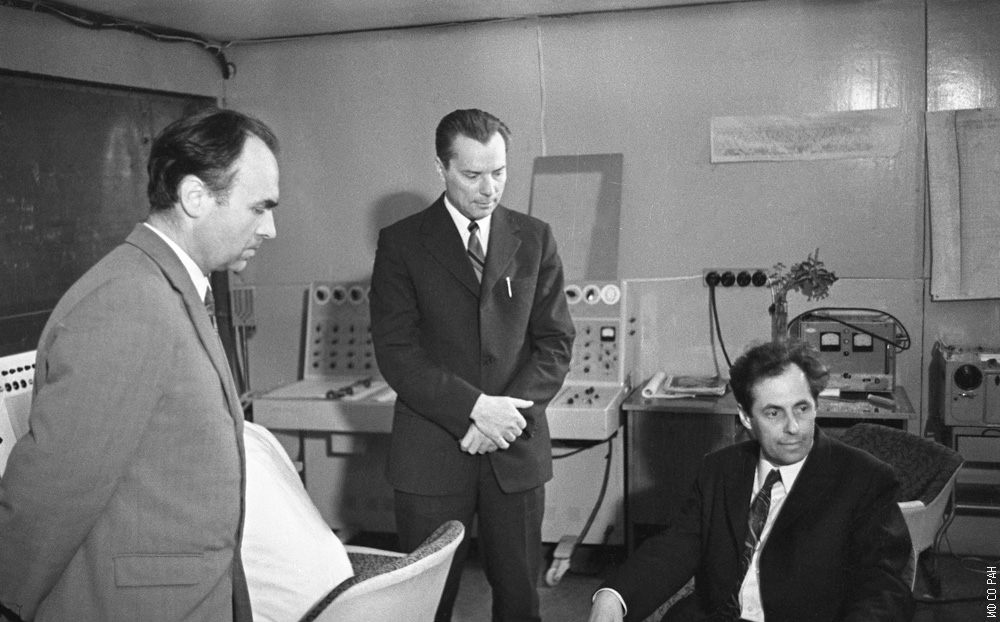 Во время шестимесячного научного эксперимента на установке «БИОС-3» Института физики им. Л.В. Киренского Сибирского отделения Академии наук СССР (ИФ СО АН СССР). Это была космическая программа института. "БИОС-3" представлял собой замкнутую экологическую систему жизнеобеспечения с автономным управлением. У пульта управления установки сотрудники отдела биофизики, слева направо: Лисовский Г.М., Окладников Ю.Н., Гительзон И.И., фото 1973 года. Красноярск.
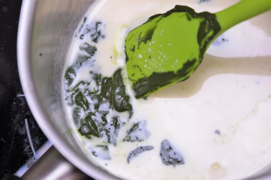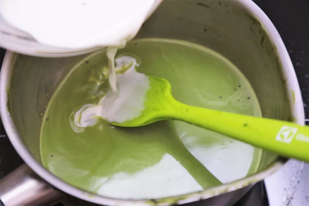 ②剩余的牛奶倒入锅中煮热,倒出20g与抹茶粉用茶筅搅匀。
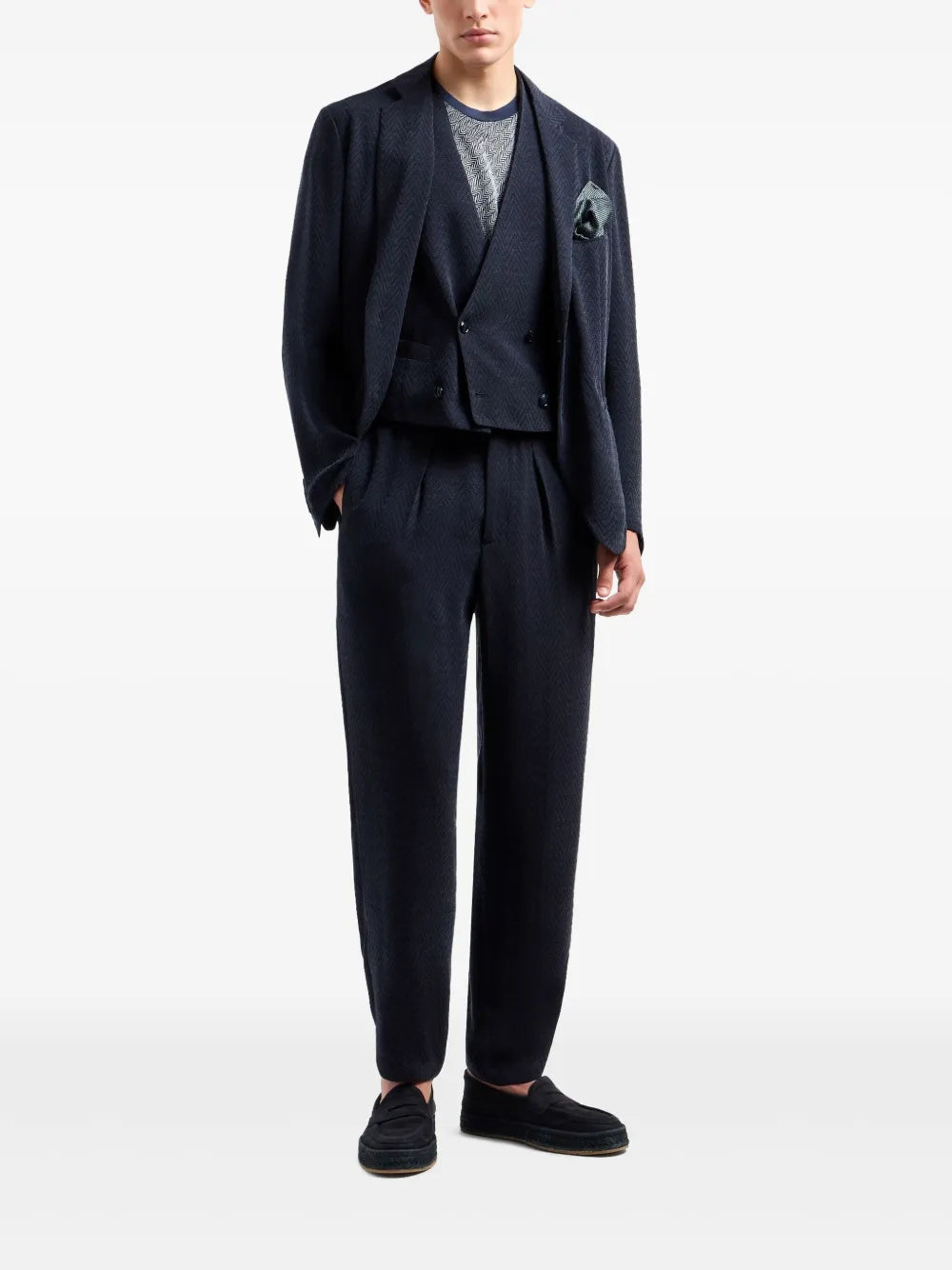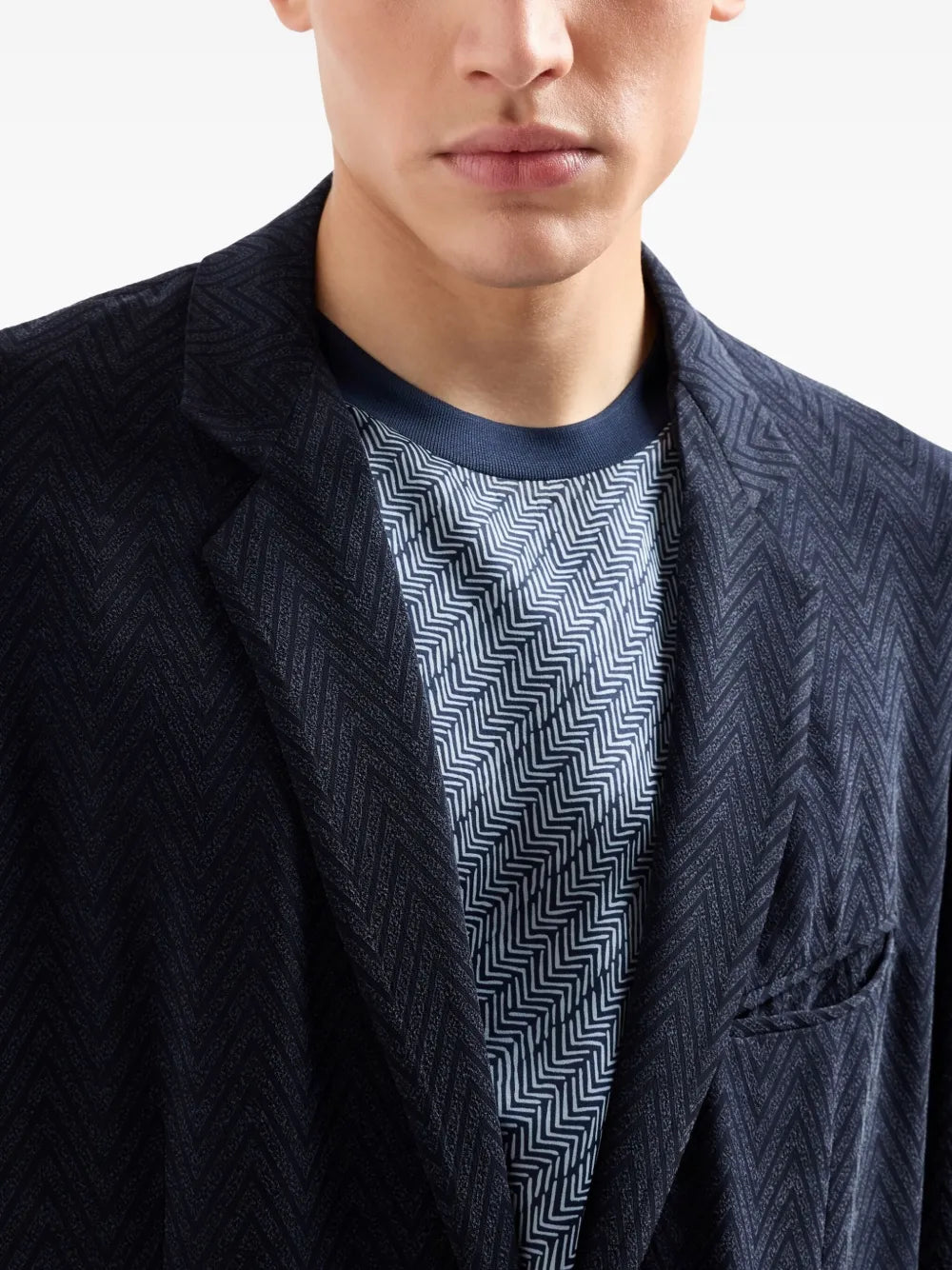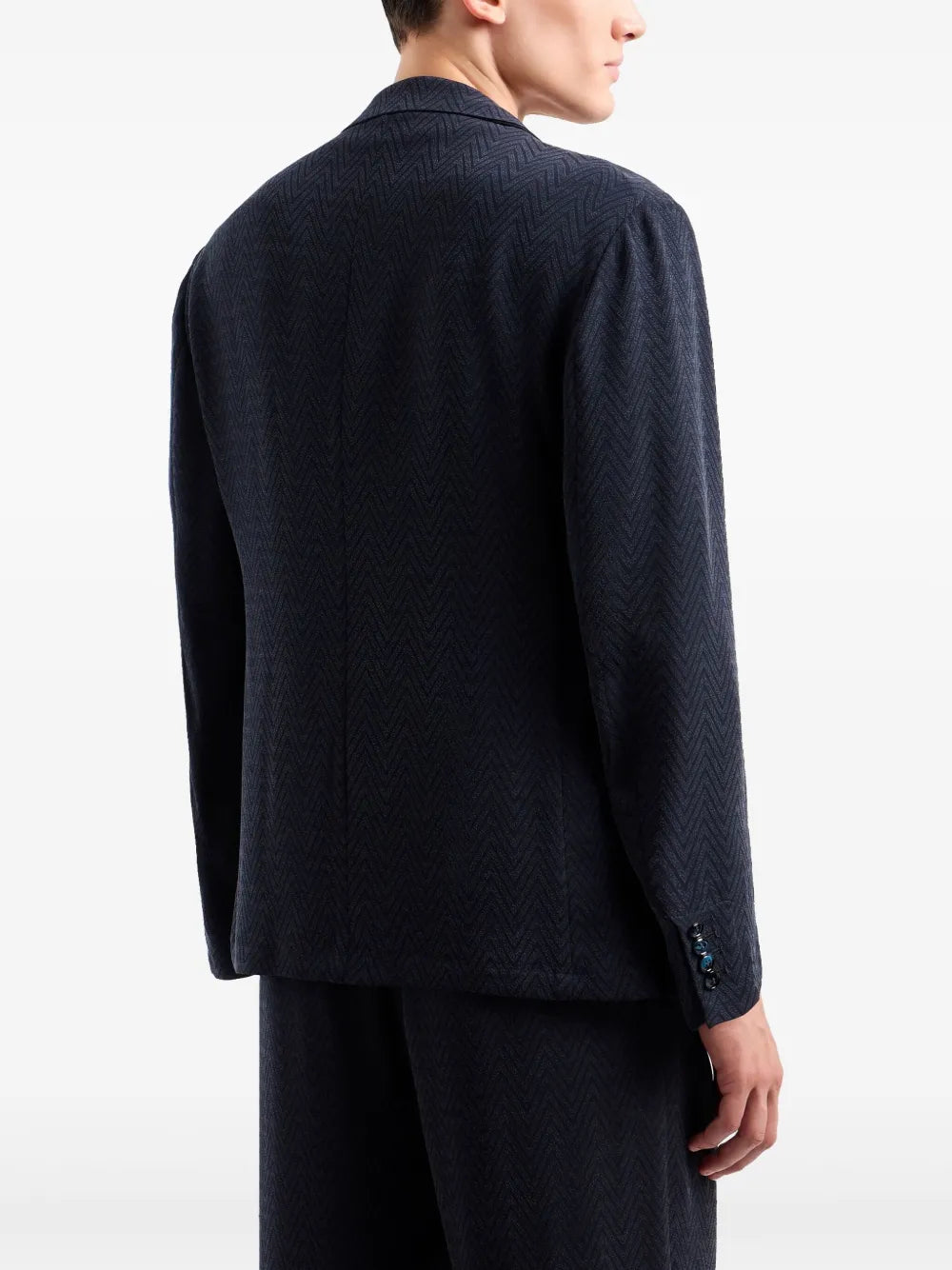 Introducing our new Chevron-Pattern Blazer, expertly crafted in a timeless oxford blue. With button fastening and jetted pockets, this blazer offers convenience and style. The jetted chest pocket and buttoned-cuff sleeves add a touch of sophistication. Perfect for any occasion, this blazer is a must-have for any wardrobe.

_Task item_: Exact copy, pictures removed: set down the whole listing above.

_Answer to the exercise_:
 Во время шестимесячного научного эксперимента на установке «БИОС-3» Института физики им. Л.В. Киренского Сибирского отделения Академии наук СССР (ИФ СО АН СССР). Это была космическая программа института. "БИОС-3" представлял собой замкнутую экологическую систему жизнеобеспечения с автономным управлением. У пульта управления установки сотрудники отдела биофизики, слева направо: Лисовский Г.М., Окладников Ю.Н., Гительзон И.И., фото 1973 года. Красноярск.
 ②剩余的牛奶倒入锅中煮热,倒出20g与抹茶粉用茶筅搅匀。
 Introducing our new Chevron-Pattern Blazer, expertly crafted in a timeless oxford blue. With button fastening and jetted pockets, this blazer offers convenience and style. The jetted chest pocket and buttoned-cuff sleeves add a touch of sophistication. Perfect for any occasion, this blazer is a must-have for any wardrobe.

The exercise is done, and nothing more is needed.